Información sobre pedidos
| Nombre del producto | Número de catálogo | UNIDAD | Precio | CANTIDAD | Favoritos | |
Plásmido Doble Nickase (m) NRAMP2 | sc-421958-NIC | 20 µg | $410.00 |
Slc11a2 codifica NRAMP2 (DMT1), un transportador de iones metálicos divalentes acoplado a protones que media la captación celular de hierro ferroso y otros metales de transición a través de membranas endosomales y de la membrana plasmática. En células de ratón, NRAMP2 favorece la liberación de hierro desde endosomas dependiente de transferrina y contribuye a la absorción intestinal de hierro, vinculándolo con la homeostasis del hierro, la eritropoyesis y la regulación metabólica. La actividad de NRAMP2 se cruza con el tráfico endocítico y con redes de señalización sensibles a metales que determinan la función mitocondrial y las respuestas al estrés oxidativo. La desregulación de Slc11a2 se asocia con fenotipos de sobrecarga de hierro y anemia, y es ampliamente relevante en modelos de neurodegeneración, inflamación e interacciones huésped–patógeno, donde la disponibilidad de metales influye en la aptitud celular.
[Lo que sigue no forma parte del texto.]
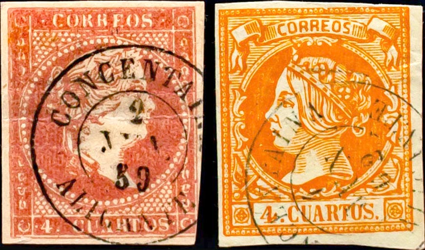 48, 52. 1855. Set of two stamps of 4 cuartos red and 4 cuartos yellow, unused with CONCENTAINA / ALICANTE postmark. MAGNIFICENT.

NRAMP2 El plásmido de doble nicasa (m) consiste en un par de plásmidos emparejados diseñados para la edición de alta especificidad del locus Slc11a2 en líneas celulares mouse. Cada plásmido expresa una nicasa Cas9 D10A y un ARN guía específico (sgRNA) dirigido a cadenas de ADN opuestas dentro de Slc11a2. Cuando se dirigen a sitios adyacentes en cadenas de ADN opuestas, las dos nicasas generan cortes en cadena simple desplazados que, juntos, producen una rotura de doble cadena escalonada, lo que requiere una actividad coordinada sobre el objetivo por parte de ambas guías. La rotura de ADN resultante se resuelve mediante vías de reparación celular endógenas, más comúnmente a través de la unión de extremos no homólogos (NHEJ), lo que da lugar a inserciones o deleciones que alteran la función de Slc11a2. Al requerir la participación de dos ARN guía en el locus diana, el enfoque de doble corte mejora la especificidad de la edición y proporciona una estrategia CRISPR complementaria para aplicaciones en las que se desea un control adicional sobre la precisión de la orientación.
Para facilitar la identificación eficiente de las células editadas, un plásmido codifica GFP para la visualización fluorescente de las poblaciones transfectadas, mientras que el plásmido complementario lleva un gen de resistencia a la puromicina para la selección con antibióticos. En conjunto, estas características facilitan el enriquecimiento eficiente de las poblaciones cotransfectadas y simplifican la validación de los clones con Slc11a2 alterado.
Sólo para uso en investigación. No destinado a uso diagnóstico o terapéutico.